(Records from a data source)
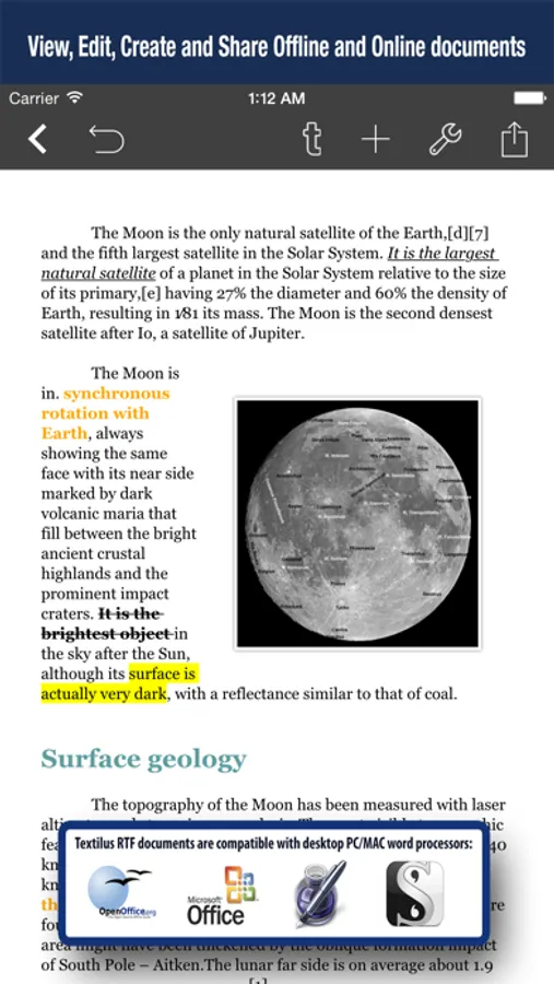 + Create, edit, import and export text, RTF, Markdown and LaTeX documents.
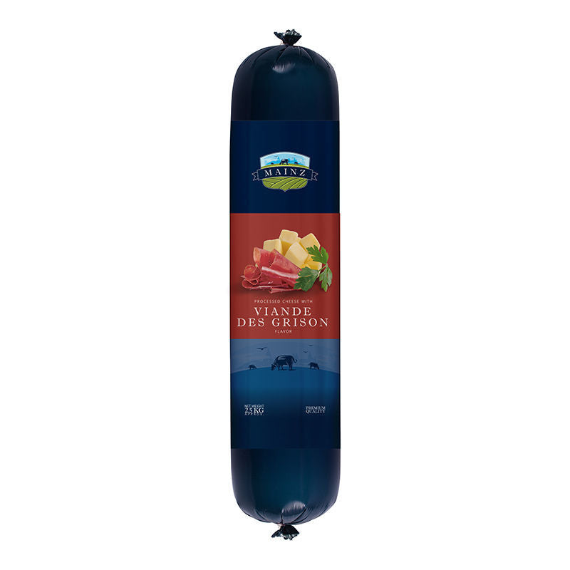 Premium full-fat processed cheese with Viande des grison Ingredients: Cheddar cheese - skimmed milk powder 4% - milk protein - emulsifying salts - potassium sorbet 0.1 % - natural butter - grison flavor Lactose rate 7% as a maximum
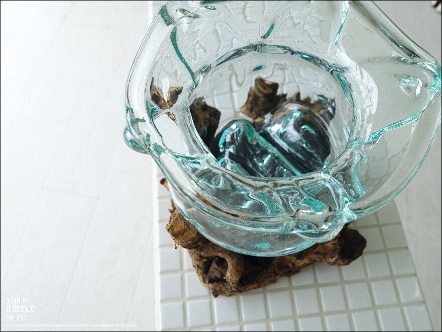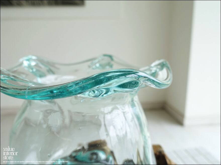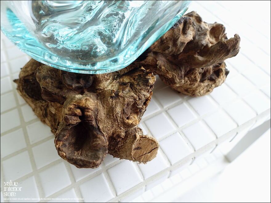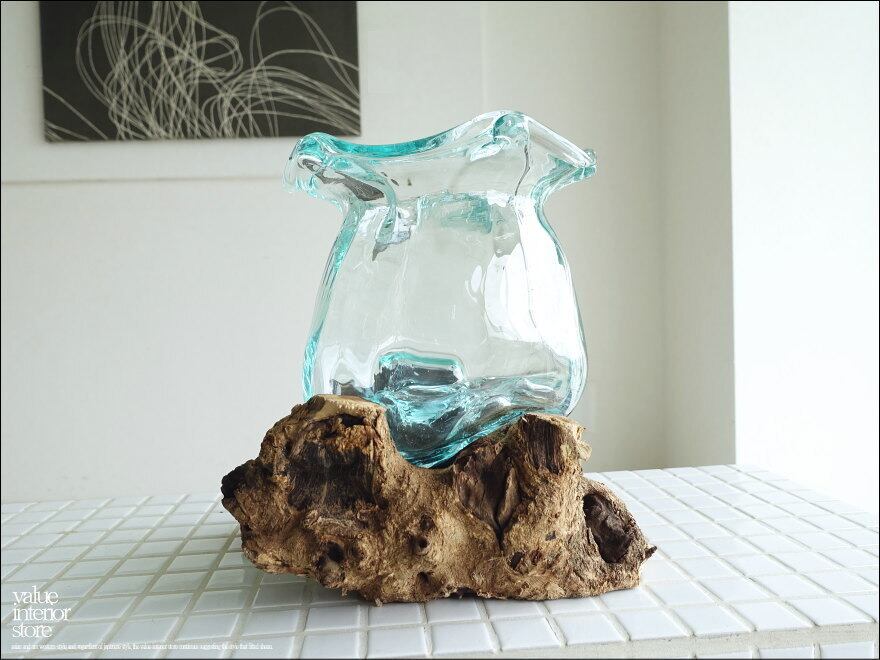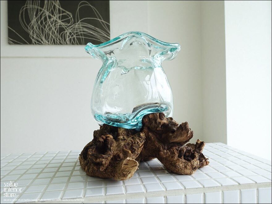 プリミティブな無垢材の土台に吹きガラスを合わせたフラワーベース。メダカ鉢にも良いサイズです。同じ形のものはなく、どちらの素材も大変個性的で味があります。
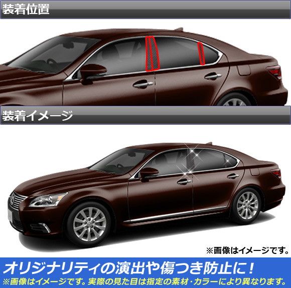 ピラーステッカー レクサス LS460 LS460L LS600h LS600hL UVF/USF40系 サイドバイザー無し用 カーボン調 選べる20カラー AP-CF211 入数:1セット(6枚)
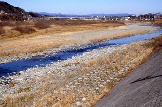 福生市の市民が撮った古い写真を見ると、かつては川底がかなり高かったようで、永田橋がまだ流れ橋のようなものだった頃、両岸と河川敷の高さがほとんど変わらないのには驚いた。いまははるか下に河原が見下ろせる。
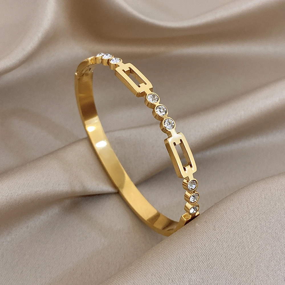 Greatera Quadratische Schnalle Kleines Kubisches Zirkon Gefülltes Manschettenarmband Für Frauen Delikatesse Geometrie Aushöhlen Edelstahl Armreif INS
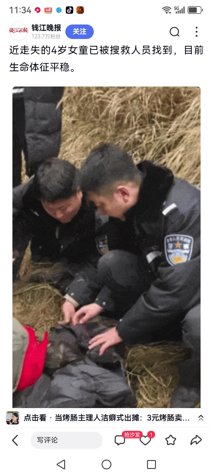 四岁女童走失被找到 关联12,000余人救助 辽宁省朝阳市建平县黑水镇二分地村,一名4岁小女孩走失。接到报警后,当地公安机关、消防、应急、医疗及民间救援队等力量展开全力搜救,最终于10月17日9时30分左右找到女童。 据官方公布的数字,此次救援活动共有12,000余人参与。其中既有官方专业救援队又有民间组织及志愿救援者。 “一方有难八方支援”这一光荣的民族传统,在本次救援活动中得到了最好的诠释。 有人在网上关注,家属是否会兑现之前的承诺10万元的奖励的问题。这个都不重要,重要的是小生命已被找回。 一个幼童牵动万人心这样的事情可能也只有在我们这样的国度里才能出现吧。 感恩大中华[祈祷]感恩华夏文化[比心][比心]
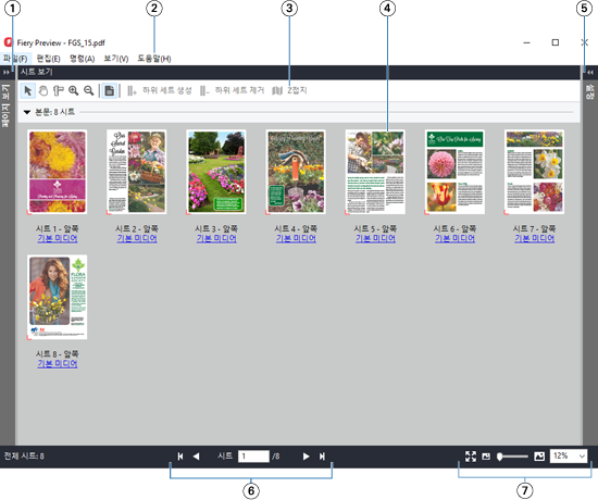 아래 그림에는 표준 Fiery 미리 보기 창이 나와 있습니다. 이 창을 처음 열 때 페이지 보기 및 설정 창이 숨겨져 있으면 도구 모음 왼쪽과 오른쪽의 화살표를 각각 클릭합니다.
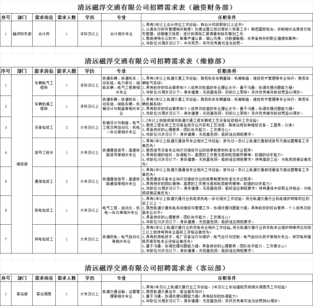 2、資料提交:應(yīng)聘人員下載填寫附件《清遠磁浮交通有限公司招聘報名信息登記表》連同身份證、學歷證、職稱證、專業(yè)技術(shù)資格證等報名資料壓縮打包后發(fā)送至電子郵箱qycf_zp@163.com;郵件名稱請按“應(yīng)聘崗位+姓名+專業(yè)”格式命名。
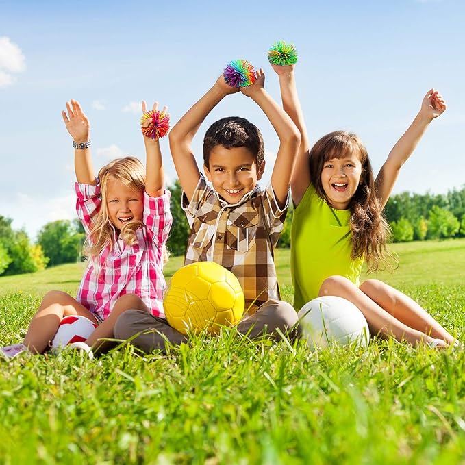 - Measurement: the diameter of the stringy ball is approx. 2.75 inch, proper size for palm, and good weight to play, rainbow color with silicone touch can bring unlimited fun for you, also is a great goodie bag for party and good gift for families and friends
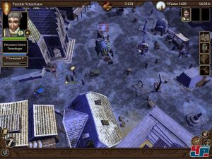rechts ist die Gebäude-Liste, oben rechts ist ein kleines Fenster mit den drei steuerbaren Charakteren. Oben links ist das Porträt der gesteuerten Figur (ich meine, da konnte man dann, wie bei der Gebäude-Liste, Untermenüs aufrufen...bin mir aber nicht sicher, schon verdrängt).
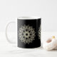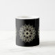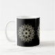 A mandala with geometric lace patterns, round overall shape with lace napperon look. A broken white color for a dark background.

> [What the task asks]:
Only one thing is required: an exact printout of the lines from the line containing "rechts ist die" through the last line of the records, pictures excluded.

> [Response box]:
rechts ist die Gebäude-Liste, oben rechts ist ein kleines Fenster mit den drei steuerbaren Charakteren. Oben links ist das Porträt der gesteuerten Figur (ich meine, da konnte man dann, wie bei der Gebäude-Liste, Untermenüs aufrufen...bin mir aber nicht sicher, schon verdrängt).
 A mandala with geometric lace patterns, round overall shape with lace napperon look. A broken white color for a dark background.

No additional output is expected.